IOWA CITY — When the pandemic hit in 2020, psychotherapist Natalie Benway-Correll started working with a lot of overwhelmed people — clients who were exhausted and scared in ways more widespread than before.
After 14 years of practice, she was overwhelmed alongside virtually everyone else. So she started to look for an outlet for herself — one that could build her up her own emotional capacity in her responsibility to hold space for clients.
After growing up with horses, she decided to reconnect to her childhood. In her pursuit of finding peace, she attended a new type of training in California: an equine-based learning model.
Now, using what she’s learned and how she’s been able to apply it to her own life, others in the area can take advantage of equine therapy for mental health, and other services focused on holistic wellness, through her new organization, The Well Lived Life.
“I was hearing people talk about how important self-care was, but I also wanted to move toward the collective practice and create spaces for people to really get in touch with what restoration looks like,” said Benway-Correll, of Iowa City.
What: The Well Lived Life and Beyond Barriers presents Lessons from the Herd, an equine guided course with licensed psychotherapist Natalie Benway-Correll. The retreat, designed for women, helps participants connect to an expanded sense of self and reclamation of personal power, to support a grounded sense of self and renewed trust in one’s intuition.
When: 5 to 7 p.m. Sundays: Oct. 8, 15 and 29.
Where: Wyndtree Farm, 1662 Amana Rd., Swisher
Details: Cost is $350 for all three workshops. Open to women 18 and over. No horse experience is necessary, and no horse riding will take place.
Sessions are designed to develop skills to support nervous system balancing, emotional regulation, embodied presence and reclaiming self authenticity.
Registration: Limited to eight participants; welllivedlife.org/new-page
How it works
The equine model is the first of its kind offered in Iowa City for mental health. Through programming called somatic exercises, no horse experience is necessary to take advantage of the mental health benefits with the techniques.
No riding happens. Instead, all interactions take place from the ground. Those who might have a fear of horses can especially benefit from the structure, too.
“The idea is we have a lot we can learn about right relationships and moving beyond the limitations of the mind, from the horses,” Benway-Correll said. “They’re present in the moment. Because they’re prey animals, they have 360-degree awareness of their environment at all times.”
By getting quiet and looking to the cycles of nature as a teacher, clients can learn how to restore themselves parallel to the order of nature. In the wild, horses show there can be a place for everyone — and that everyone in the herd shares a responsibility to each other.
After a grounding exercise done in a circle, participants move into the field where they can stand and sit with horses. There, participants learn how to set clear boundaries with animals many times their size.
For this course, which is focused on empowering women in particular, the herd’s lead mare can be a particularly poignant example. The therapist leading the course says it’s helped her and other women find their own personal power by stepping outside the limitations imposed by their own minds and exploring the embodied feeling of claiming space.
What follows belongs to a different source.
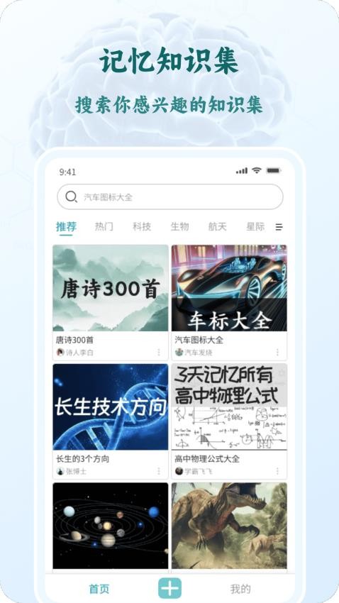 忘否app是一款帮助用户整理知识点的软件,用户可以将自己需要记忆的各种知识点进行记录管理,可以将各种知识点进行精细化的分类管理,让你随时查找知识点更加快捷方便,软件中整合了大家所分享的各种知识点,包括科技、生物、航天、星标等各种领域类型的知识点可供用户查看学习,还可以通过知识搜索的方式查找你想要学习的知识集进行学习查看,其中还将各种热门的知识集进行了精选推荐,便于用户轻松查找各种热门的知识集学习使用,开启记忆模式即可通过标题帮你回想知识点内容高效记忆知识,有需要的用户就快来下载忘否官网版软件进行使用吧!

“It’s really powerful when you’re clearly able to claim your space and your right to space, which is something that a lot of us — women in particular — have a hard time doing,” Benway-Correll said. “When you have a herd of 1,500-pound animals respect that, it’s really powerful.”
Like one feeling the exercise is meant to create, she said horses are embodied creatures that use all of their senses to keep themselves safe.
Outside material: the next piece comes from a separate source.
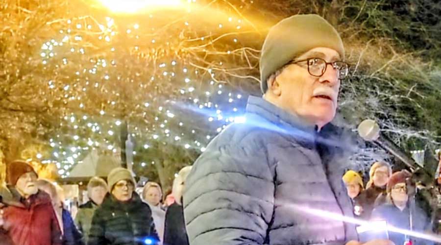 State Sen. Jeff Golden speaks at a Sunday, Jan. 25, candlelight vigil for Alex Pretti, the Minnesota man and intensive care nurse shot dead by federal immigration agents Saturday in Minneapolis. Roughly 500 attended the vigil at the Ashland Plaza. Art Van Kraft photo for Ashland.news

“Humans, we often live most of our lives from the neck up,” Benway-Correll explained. “The exercises are essentially emulating herd dynamics, in turn teaching you what interdependent relationships look like.”
Why it matters
While elevated concerns about a new virus have faded over the three years since the pandemic started, the aftermath impacting mental health is as strong as ever. Therapists like Benway-Correll believe the effects will linger for years to come.
The name of this new retreat and wellness-oriented arm of her work was prompted by those combing through the existential questions posed by COVID-19.
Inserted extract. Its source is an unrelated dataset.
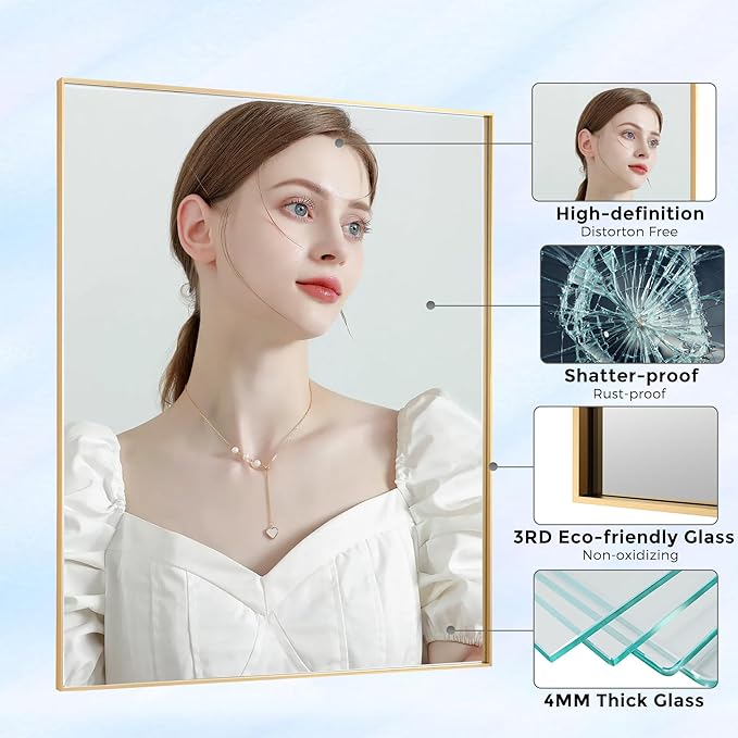 - ❤️【Premium Material】- Made of premium aluminum alloy and imported mirror materials, the mirror is more durable than those made of wood or rubber. The mirror edge is protected by the Aluminum frame from hurt and ensure beauty.

Models like the new equine one are meant to create spaces for clients to discover the components of what it means to live their lives to the fullest. Her programming recognizes four primary pillars to explore: ease, pleasure, creativity and empowerment.
Working with horses is one way to allow the mind’s dust to settle to see more clearly how to achieve those ideals. Now, she said some of those who have experienced turbulence in recent years are starting to explore a new stage after the stages of grief: making meaning in their lives.
“It’s not just at the retreat that you experience the meaning-making and the learning,” she said. “You take it into your life.”